**TASK DIRECTIONS:** With the pictures left out, print exactly the lines below that run from the one containing "所以,我非常不理解,难道家长" through the one containing "WHATAREWE LEARNINGAND DOING".

**MATERIAL TO PROCESS:**
########
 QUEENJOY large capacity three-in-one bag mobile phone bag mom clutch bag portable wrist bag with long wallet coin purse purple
########
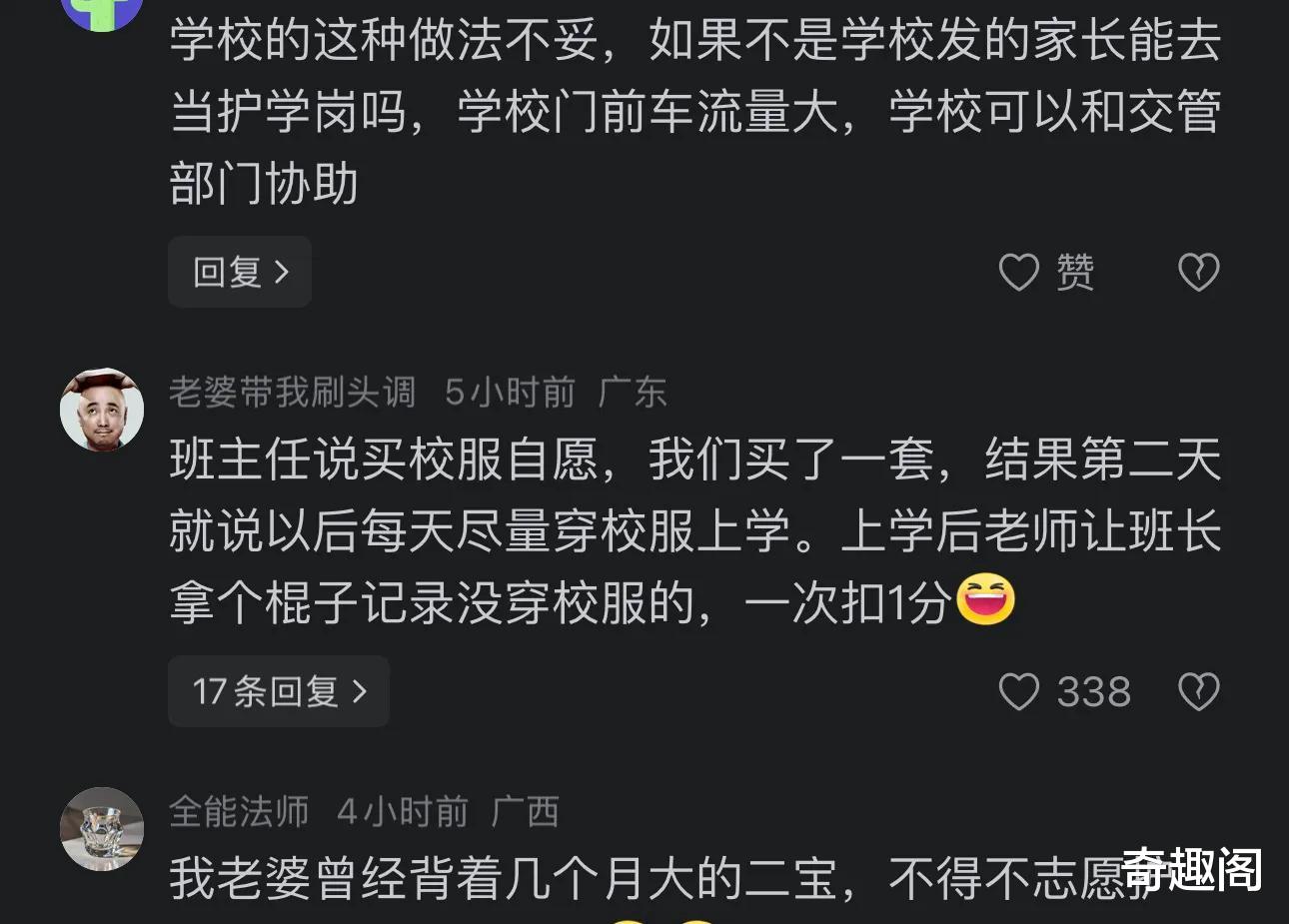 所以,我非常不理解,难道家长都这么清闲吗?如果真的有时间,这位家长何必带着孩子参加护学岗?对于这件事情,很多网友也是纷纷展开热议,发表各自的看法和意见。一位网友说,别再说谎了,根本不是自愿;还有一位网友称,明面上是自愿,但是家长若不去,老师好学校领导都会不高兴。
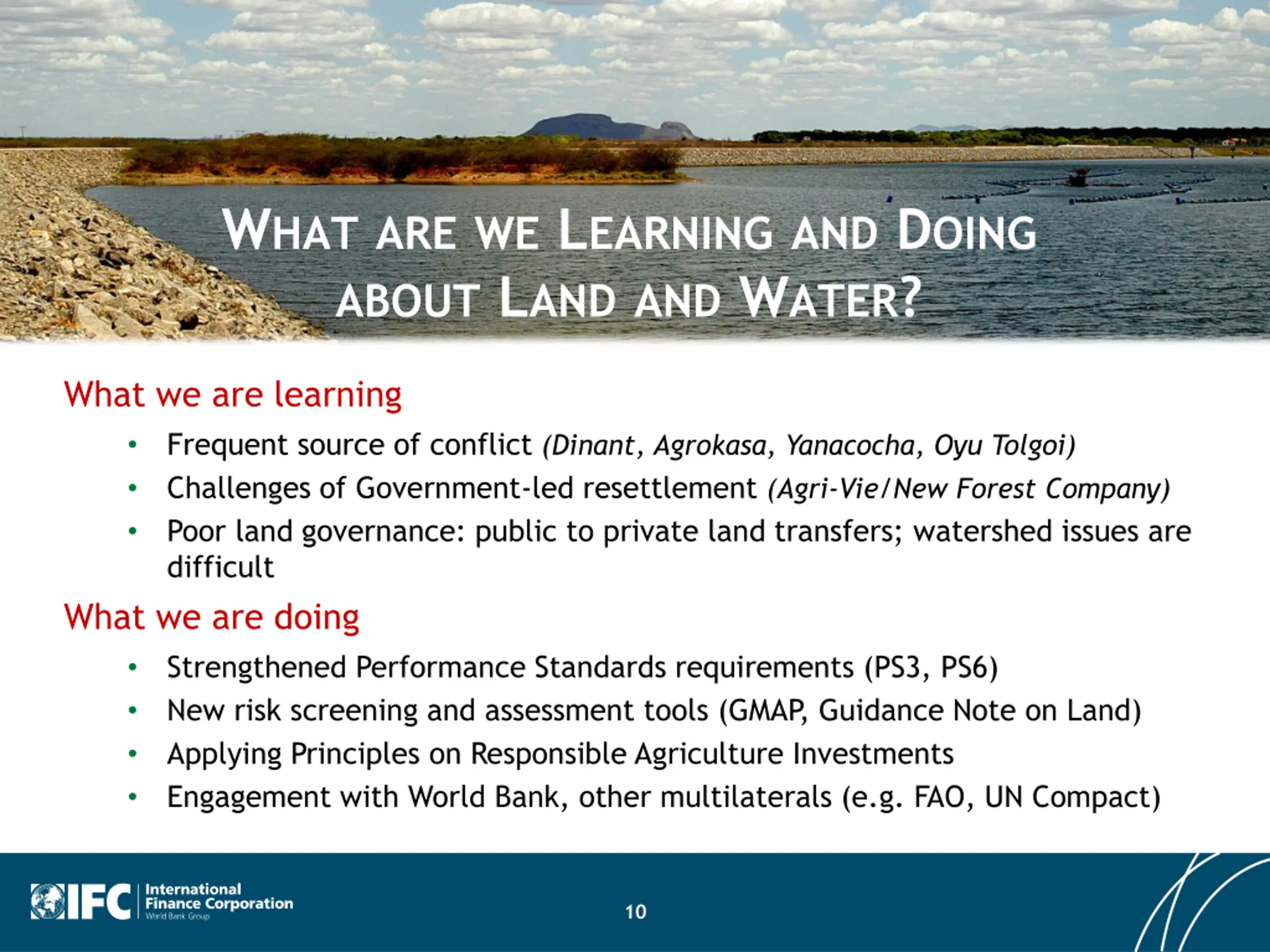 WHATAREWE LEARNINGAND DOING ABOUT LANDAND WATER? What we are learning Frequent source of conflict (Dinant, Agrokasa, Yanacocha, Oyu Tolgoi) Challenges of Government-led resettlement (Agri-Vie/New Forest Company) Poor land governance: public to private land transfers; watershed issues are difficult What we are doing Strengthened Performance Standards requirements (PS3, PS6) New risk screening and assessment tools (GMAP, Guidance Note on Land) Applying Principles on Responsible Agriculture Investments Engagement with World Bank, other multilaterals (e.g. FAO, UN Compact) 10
########
**SOLUTION TO THIS TASK:**
 所以,我非常不理解,难道家长都这么清闲吗?如果真的有时间,这位家长何必带着孩子参加护学岗?对于这件事情,很多网友也是纷纷展开热议,发表各自的看法和意见。一位网友说,别再说谎了,根本不是自愿;还有一位网友称,明面上是自愿,但是家长若不去,老师好学校领导都会不高兴。
 WHATAREWE LEARNINGAND DOING ABOUT LANDAND WATER? What we are learning Frequent source of conflict (Dinant, Agrokasa, Yanacocha, Oyu Tolgoi) Challenges of Government-led resettlement (Agri-Vie/New Forest Company) Poor land governance: public to private land transfers; watershed issues are difficult What we are doing Strengthened Performance Standards requirements (PS3, PS6) New risk screening and assessment tools (GMAP, Guidance Note on Land) Applying Principles on Responsible Agriculture Investments Engagement with World Bank, other multilaterals (e.g. FAO, UN Compact) 10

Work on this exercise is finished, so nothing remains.